Update After New Rheumatologist

So I saw the new rheumatologist today.

Dr. Wernick is the director of the Providence Arthritis Center in NE Portland. He almost never takes new patients, I'm told, but my internist was able to get me in by dropping her mentor's name and piquing his interest over the phone with my positive parvovirus test. My internist says he's among the best, if not THE best, rheumatologist in Portland.

I liked him a LOT better than my old rheumatologist, but man, it was a long appointment. They didn't tell me until I got there that it was scheduled for 2 hours, and it was over three hours later that I left his office.

First, a resident took my history and went over the incredibly detailed six-page intake form I'd filled out. We discussed my symptoms and she did a brief physical exam.

Then she went out to bring in Dr. Wernick, and it was a little like Gray's Anatomy in that the resident regurgitated the pertinent details that I'd given her, including pulling out test results that were worth mentioning. I have a very complicated medical history for this illness, and I had to correct her on minor points a few times (which Dr. Wernick had told me to do).
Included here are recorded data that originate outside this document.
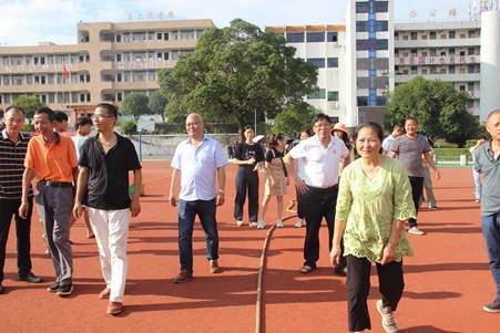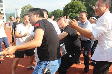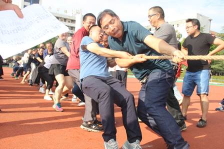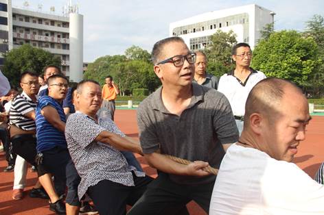 全体教工在运动场参加拔河比赛。教师分为高一年级组、高二年级组、高三年级组、行政教辅组,每组选派男队员14名,女队员6名参赛。赛场上,裁判员严谨司令。大家齐心协力,呐喊生威,这一刻,后退,就是胜利。上场的队员全力以赴,啦啦队员倾力助威,师生一起演绎力量和技巧的竞技。虽然运动员手掌红肿、双腿发软,啦啦队员声音嘶哑、咽喉疼痛,但大家脸上的笑颜是最美的风景。经过激烈的角逐,高一年级组夺冠。胜也罢,败也罢,每个人都心情愉悦。通过比赛,大家释放工作压力,蓄电开启新征程。
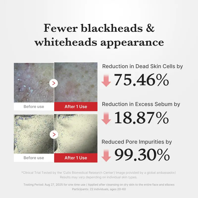 Complete Duo for Face & Body: - For Face: Helps clear away pore-clogging buildup and visible excess sebum, leaving the skin looking smoother, clearer, and more refined. - For Body: Improves rough, uneven areas such as elbows, knees, underarms, heels, and ankles, helping address concerns like rough bumps or visible pores on arms and legs. Clarify & Balance & Pore-care: - Helps sweep away hidden impurities and dead skin buildup for smoother and clearer skin tone, smaller-looking pores Low-Irritation Formula: - Designed to be gentle and suitable for all skin types without pain or harsh physical exfoliation. Targets only real dead skin cells: - Specially formulated to react only on the skin Easy to Use: - Simply massage away the excess sebum and dead skin cells for effortless at-home care with no pain or discomfort. [POWERED BY]
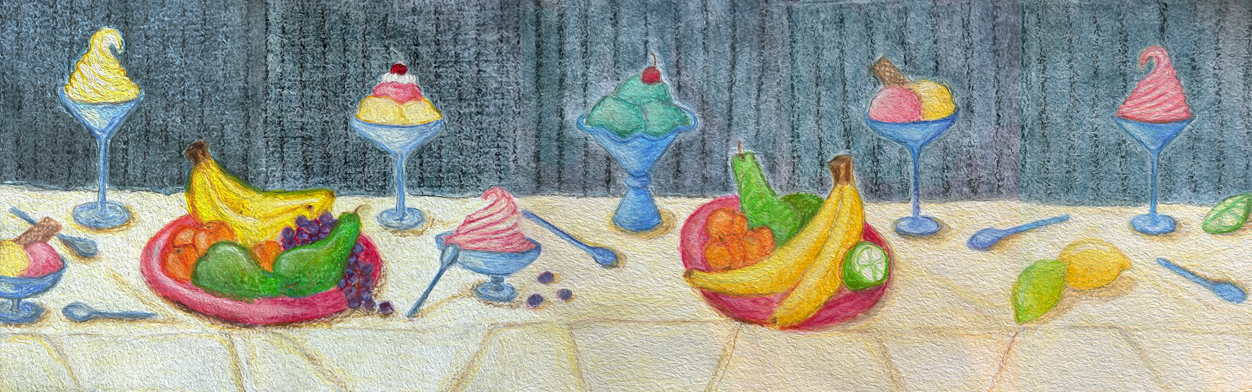 The focus on fruits and ice cream sundaes plays with simple forms and objects that fascinate in a childlike, intuitive way. Through a playful lens, these everyday symbols of indulgence become vessels for nostalgia.
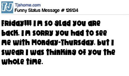 - # 132514 I’m just glad it’s almost Friday! It’s almost Friday, right? Well, it’s close to Friday. It’s never going to be Friday is it?
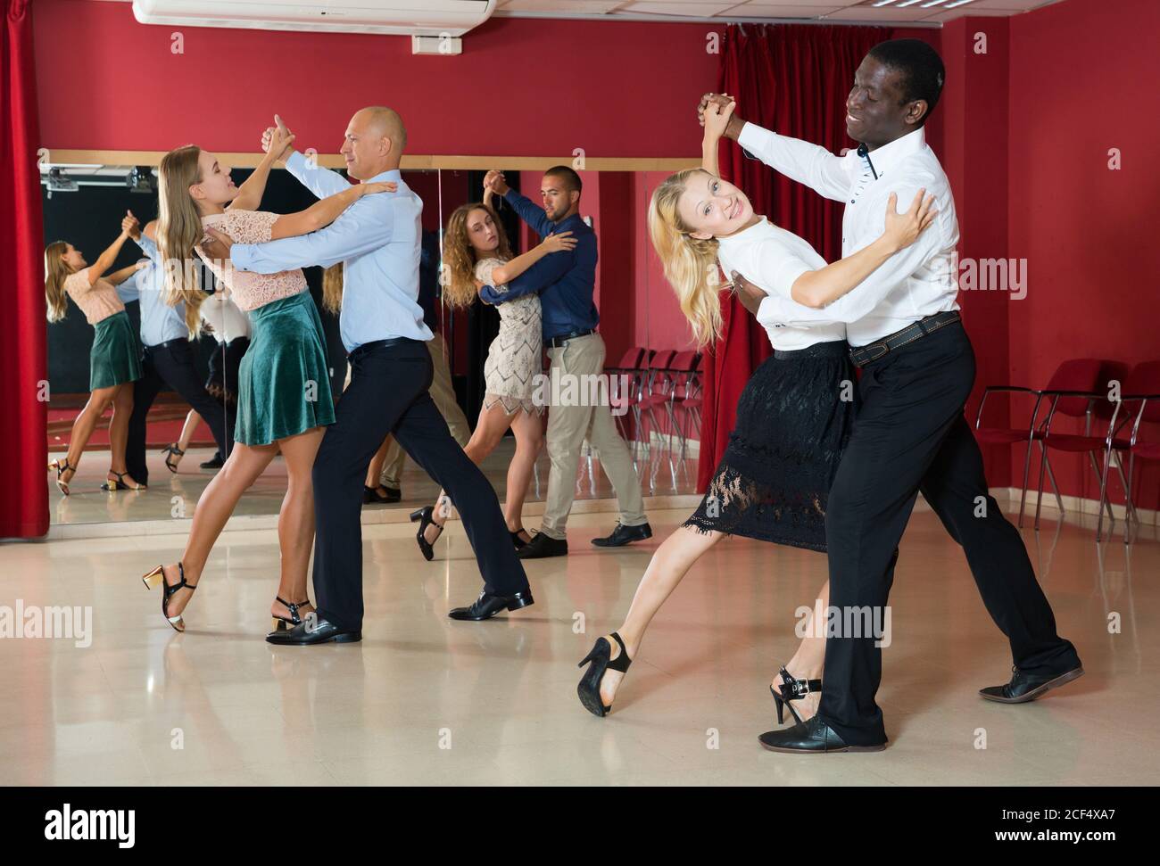 Young smiling people apprendre à danser valse en classe de danse Photo Stock - Alamy
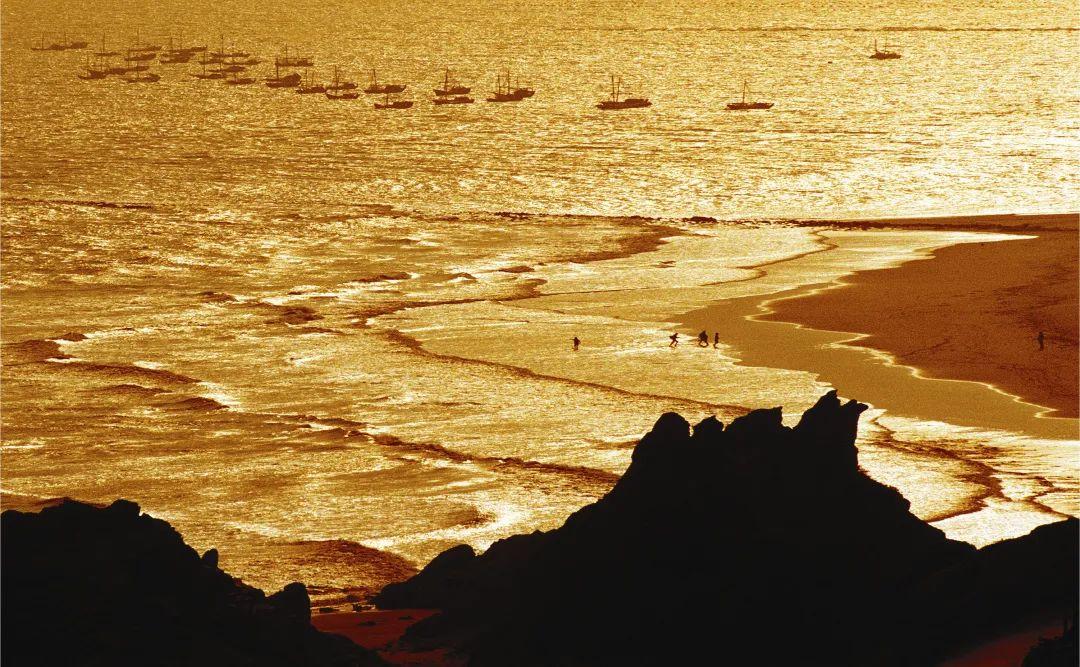 渔船划开熔金般的海面
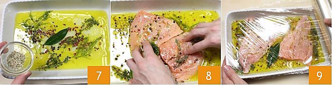 schwarzer Pfeffer, rosa Pfeffer, Salz, Dill, Thymian, Lorbeerblatt, Anis- und Fenchelsamen 7. Geben Sie die Lachsfilets hinzu und massieren Sie sie sanft, damit der Geschmack der Marinade in das Fleisch eindringen kann. Decken Sie die Auflaufform mit Frischhaltefolie ab und lassen Sie den Lachs 24 Stunden im Kühlschrank marinieren.
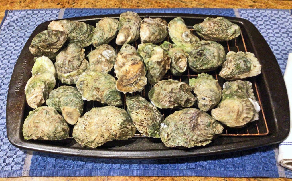 I grew up eating lots of oysters. Daddy and Grandaddy had a secret spot somewhere on the Matanzas river north of where we lived. They would roast them on a rack over an open fire with wet gunny sacks over them to make them steam open. Stan did NOT grow up eating them. A few years ago a friend said she put raw oysters in a plate with a damp towel over them and microwaved them for about 3 minutes until they steamed open. Well, that was ok, but i wanted more then six or eight oysters. It finally came to me that I could basically do the same thing in the oven with lots more oysters!
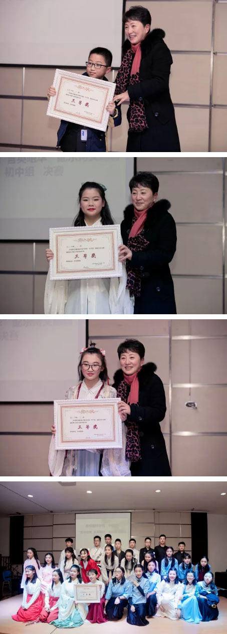 銜接班的《沁園春·雪》、初一一班和四班的《李白組詩》、初二二班的《蒹葭》榮獲三等獎

By the time he was ready to do the physical exam, he had already taken two pages of notes, which he said had never happened before. (I'm sure he was exaggerating, although I do know my history is very complicated.)

He did ask why I came to him instead of returning to my previous rheumatologist, and I told him that the other rheumatologist had told me when he referred me to a hemotologist that my problem was not rheumatological but when I checked out fine (possible MGUS) despite the monoclonal proteins, my internist and I both agreed I needed a different rheumatologist.

Dr. Wernick says he often gets referred the "mystery cases," and I definitely qualified on that count!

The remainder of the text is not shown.